でも、でもね。命に関わる問題だよ?平気で何万人とか何十万人の命に関わる問題だよ?愚かだとかなんだとか言ってる場合じゃないって分かるよね??


あなたが子供好きなら、もっともっと重大な問題。自分の子供から問い詰められてもしょうがないよ。

「お父さん(お母さん)は、なんで医療崩壊をちゃんと理解しようとしなかったの?なんで医者を責めてやめさせてしまったの?」
「お父さん(お母さん)が、僕を愛しているならわかるよね?僕がどんなに自分の子供を助けたかったのか。」

日本が向かう医療崩壊の形と言われている英国*2では、「妊婦が出血しました」→「残念でした…諦めて下さい」なんてことも普通にあるとか。誰が、そんな医療にしたの?

医療は確実じゃない。人はいつか必ず死ぬ。どんなに頑張っても助けられない命はたくさんある。でもね、今、医療崩壊の現実を知ってきちんと対処すれば救える命だって無数にある。


まだ医療崩壊について知らない人は『医療崩壊―「立ち去り型サボタージュ」とは何か』辺りを読んでもらえればいいと思う。
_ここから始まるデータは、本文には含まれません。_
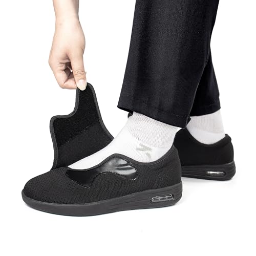 Women's Orthopedic Diabetic Walking Shoes – Wide Fit Sneakers with Air Cushion & Adjustable Straps for Swollen Feet Black 5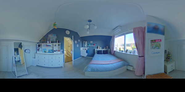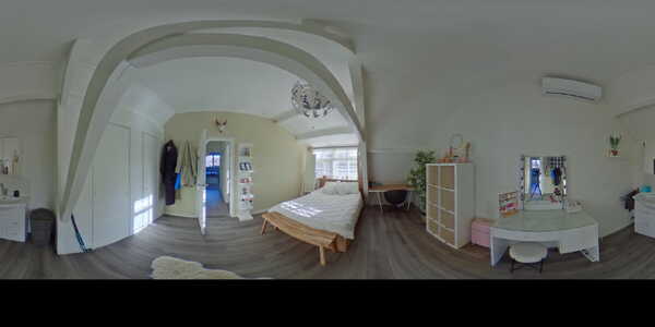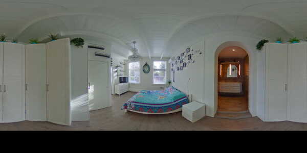 Een multifunctionele ruimte (thans slaapkamer) met een eigen, luxe badkamer met inloopdouche, dubbele wastafel en toilet.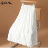 Qooth Women Gentle Solid Color Pleated Skirt Casual Elastic Waist Colorful A-line Skirt For Spring Summer QT2416

手っ取り早く認識を改めたい人はまず、救急の問題から。以下のリンクをどうぞ。


黒影さんのところでも理解するために役立つ情報があがってる。


「もう医療崩壊は止められない。」「崩壊したあとにどうするかだ。」という人もいる。そうかもしれない。でも、今できることがあるのならば何もやらないよりはまし。自己満足といわれようが「お父さんは、できる限りのことをやったよ」といえる方がいいでしょ?

*1:本当に死ぬという状況になったことがないから、あくまで今の気持ち。実際にその状況になったら暴れるかもしれないけどね。

*2:Webだと医療崩壊後は、金持ちだけが医療を受けられるアメリカ型医療になるみたいな話が多いけど、日本は英国型の崩壊という方が個人的にしっくりきた。